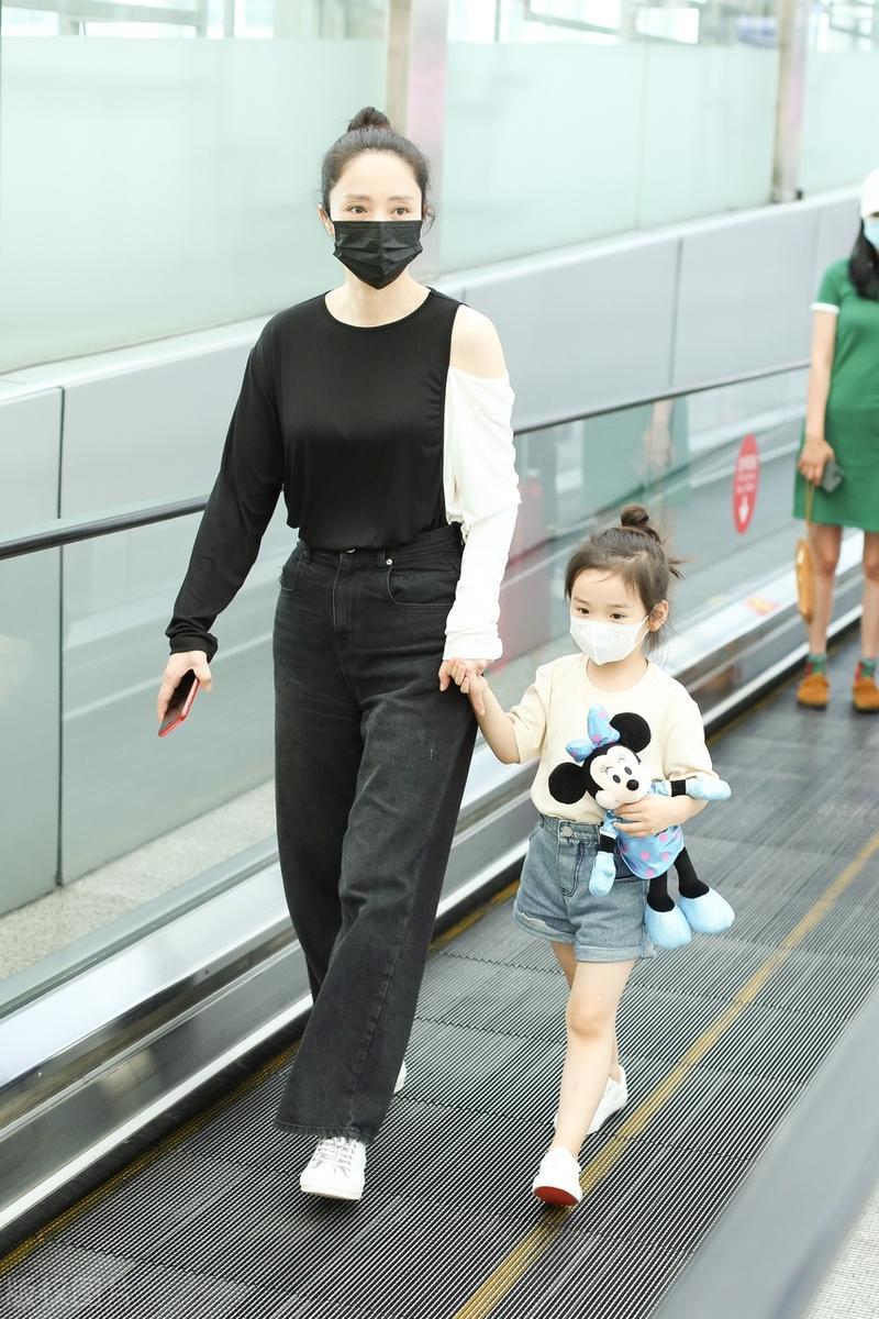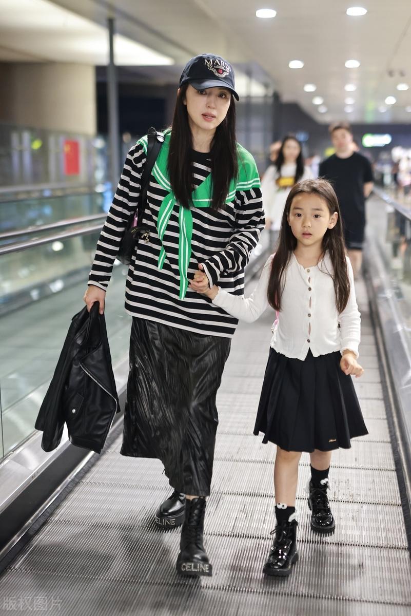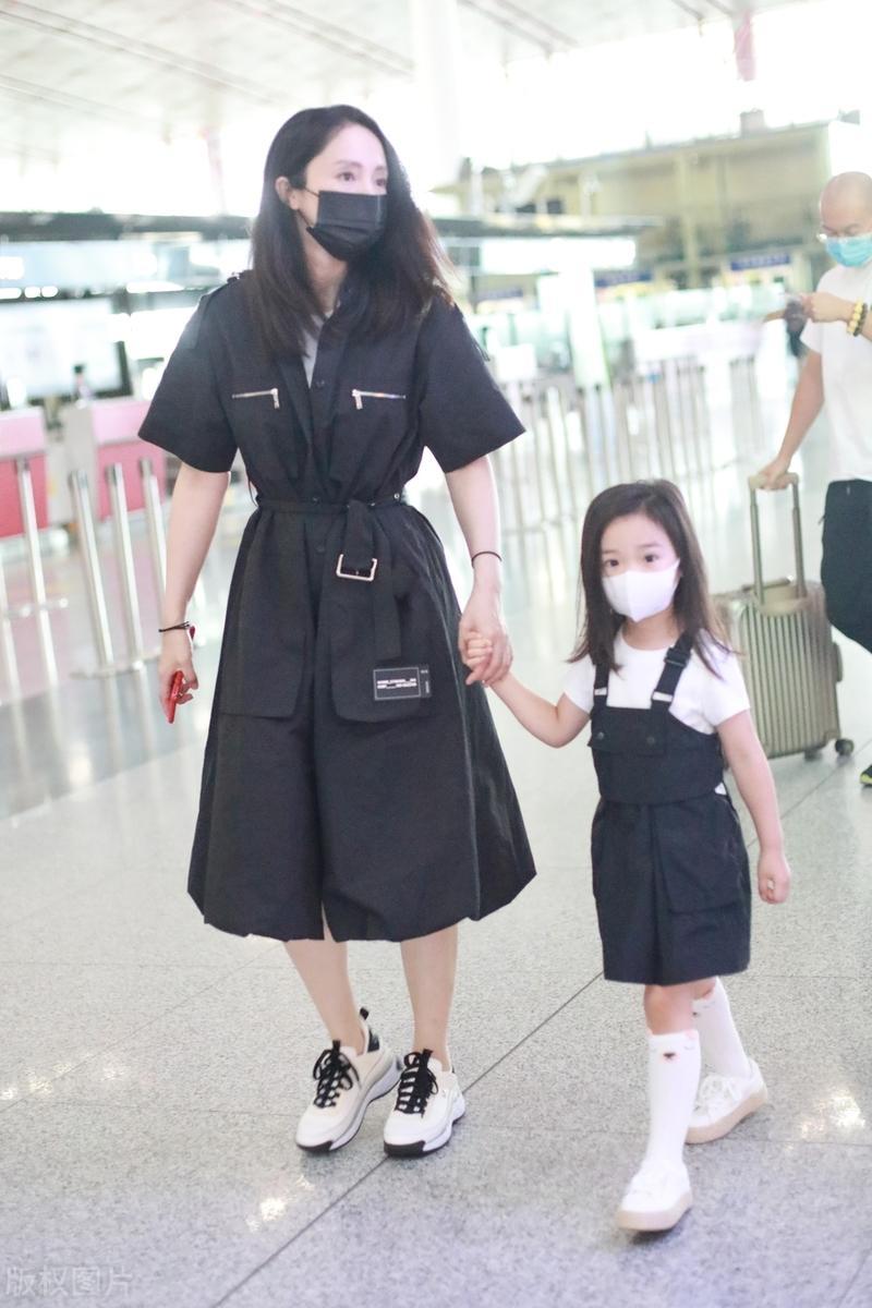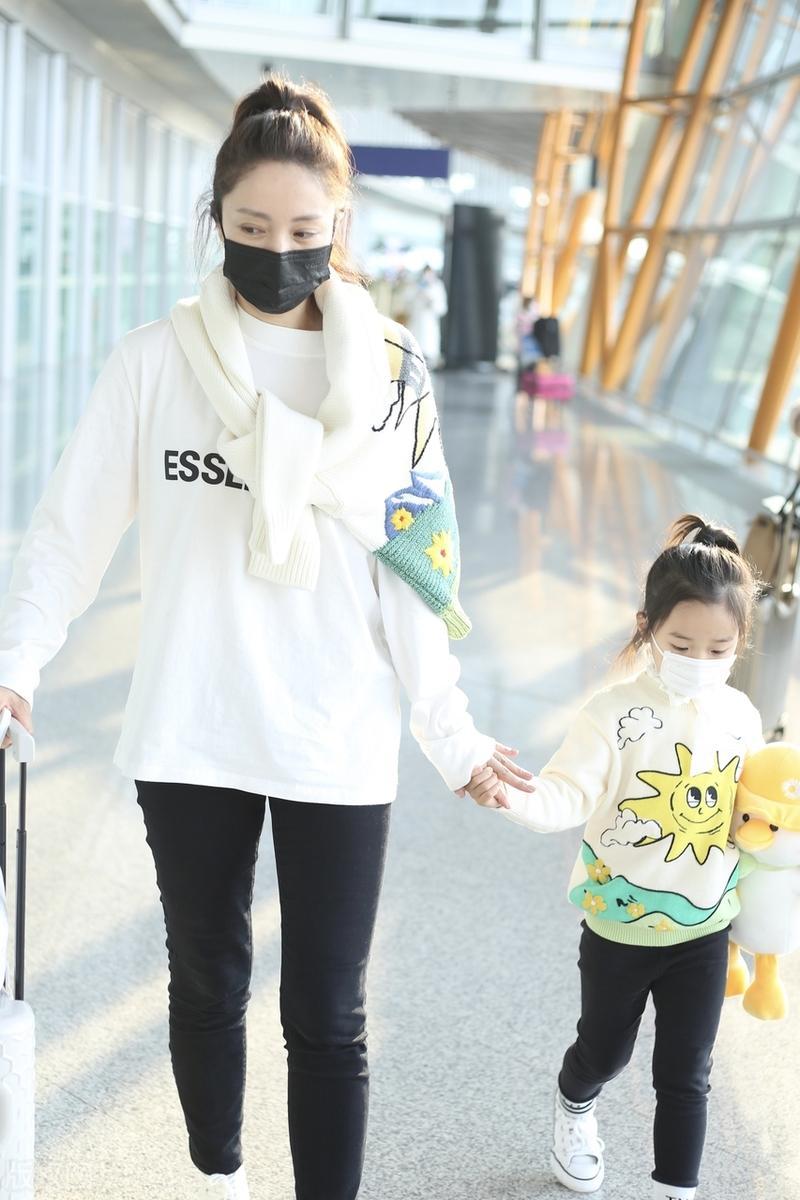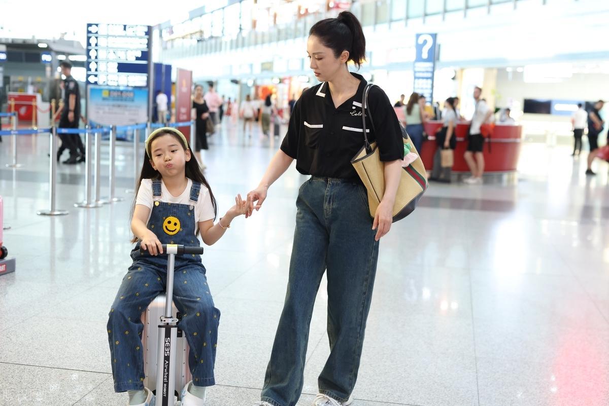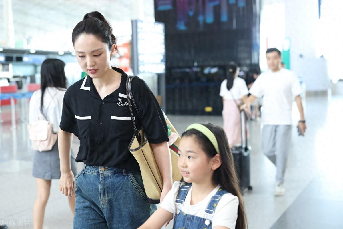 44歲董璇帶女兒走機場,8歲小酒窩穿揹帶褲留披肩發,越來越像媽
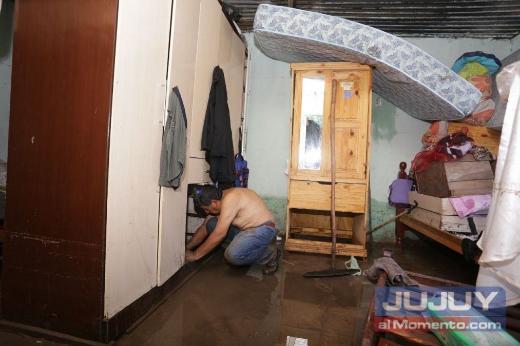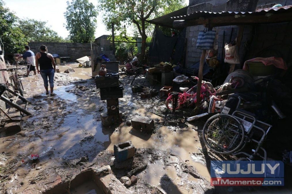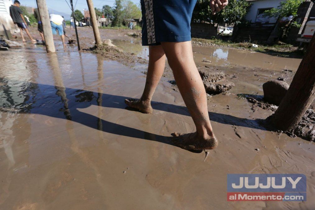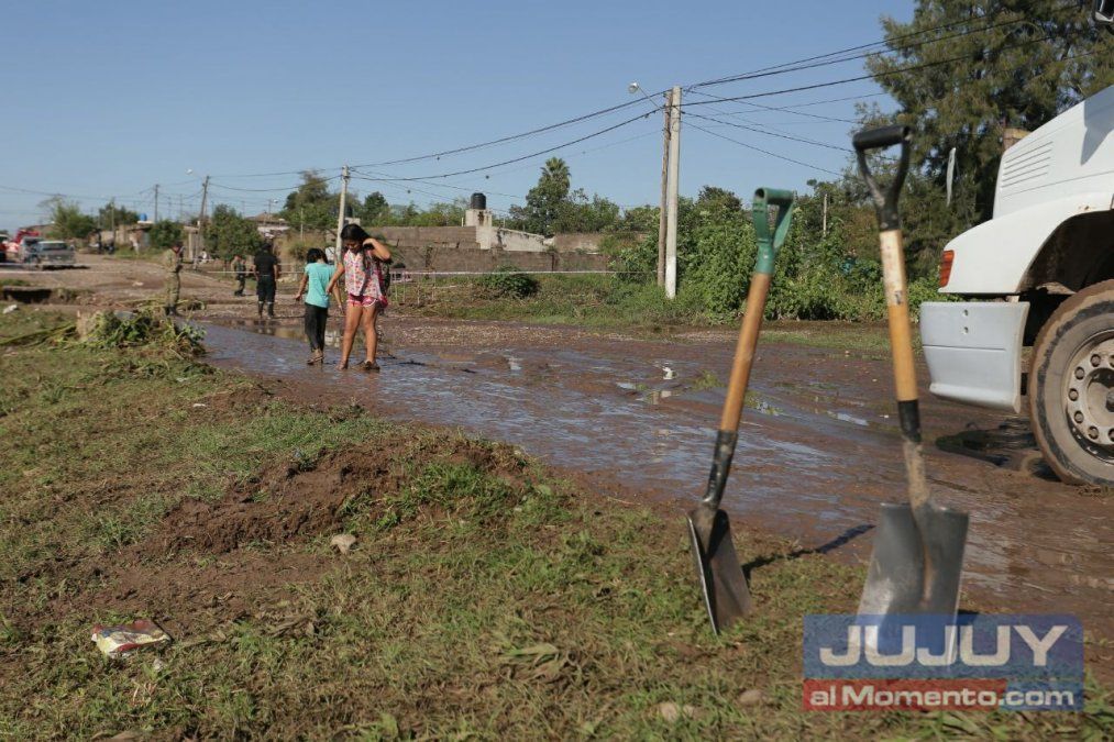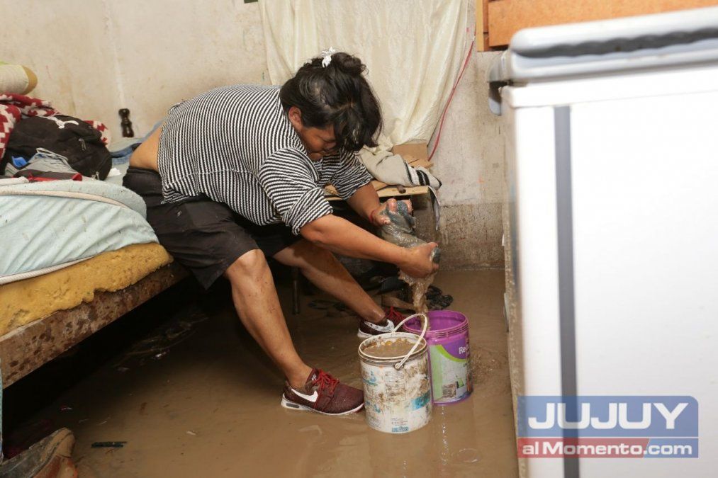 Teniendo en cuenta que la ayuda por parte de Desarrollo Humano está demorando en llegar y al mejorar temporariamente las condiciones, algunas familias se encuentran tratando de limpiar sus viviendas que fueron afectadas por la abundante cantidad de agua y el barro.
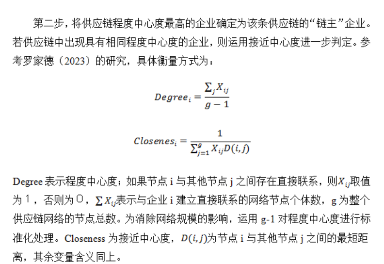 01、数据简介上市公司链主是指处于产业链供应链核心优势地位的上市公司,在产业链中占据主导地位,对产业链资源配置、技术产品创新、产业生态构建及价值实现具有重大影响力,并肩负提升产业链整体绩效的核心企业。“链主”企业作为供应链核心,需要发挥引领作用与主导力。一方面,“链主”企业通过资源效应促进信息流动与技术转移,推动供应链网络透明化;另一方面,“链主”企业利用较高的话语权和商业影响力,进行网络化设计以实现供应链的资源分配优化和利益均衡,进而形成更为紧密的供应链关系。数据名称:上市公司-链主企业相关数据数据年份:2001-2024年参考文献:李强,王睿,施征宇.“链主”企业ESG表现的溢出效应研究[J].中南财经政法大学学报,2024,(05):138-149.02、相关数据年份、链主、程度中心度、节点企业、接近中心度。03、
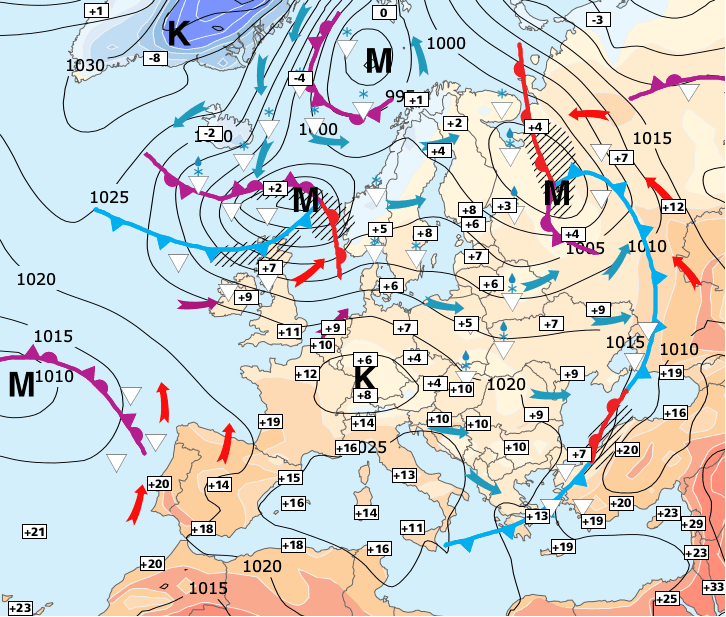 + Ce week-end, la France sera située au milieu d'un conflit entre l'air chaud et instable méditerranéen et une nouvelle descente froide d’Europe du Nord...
□ □ □
• [BRIEF]
The listing is to be repeated word for word, with all pictures omitted.

• [EXERCISE ANSWER]
 44歲董璇帶女兒走機場,8歲小酒窩穿揹帶褲留披肩發,越來越像媽
 Teniendo en cuenta que la ayuda por parte de Desarrollo Humano está demorando en llegar y al mejorar temporariamente las condiciones, algunas familias se encuentran tratando de limpiar sus viviendas que fueron afectadas por la abundante cantidad de agua y el barro.
 01、数据简介上市公司链主是指处于产业链供应链核心优势地位的上市公司,在产业链中占据主导地位,对产业链资源配置、技术产品创新、产业生态构建及价值实现具有重大影响力,并肩负提升产业链整体绩效的核心企业。“链主”企业作为供应链核心,需要发挥引领作用与主导力。一方面,“链主”企业通过资源效应促进信息流动与技术转移,推动供应链网络透明化;另一方面,“链主”企业利用较高的话语权和商业影响力,进行网络化设计以实现供应链的资源分配优化和利益均衡,进而形成更为紧密的供应链关系。数据名称:上市公司-链主企业相关数据数据年份:2001-2024年参考文献:李强,王睿,施征宇.“链主”企业ESG表现的溢出效应研究[J].中南财经政法大学学报,2024,(05):138-149.02、相关数据年份、链主、程度中心度、节点企业、接近中心度。03、
 + Ce week-end, la France sera située au milieu d'un conflit entre l'air chaud et instable méditerranéen et une nouvelle descente froide d’Europe du Nord...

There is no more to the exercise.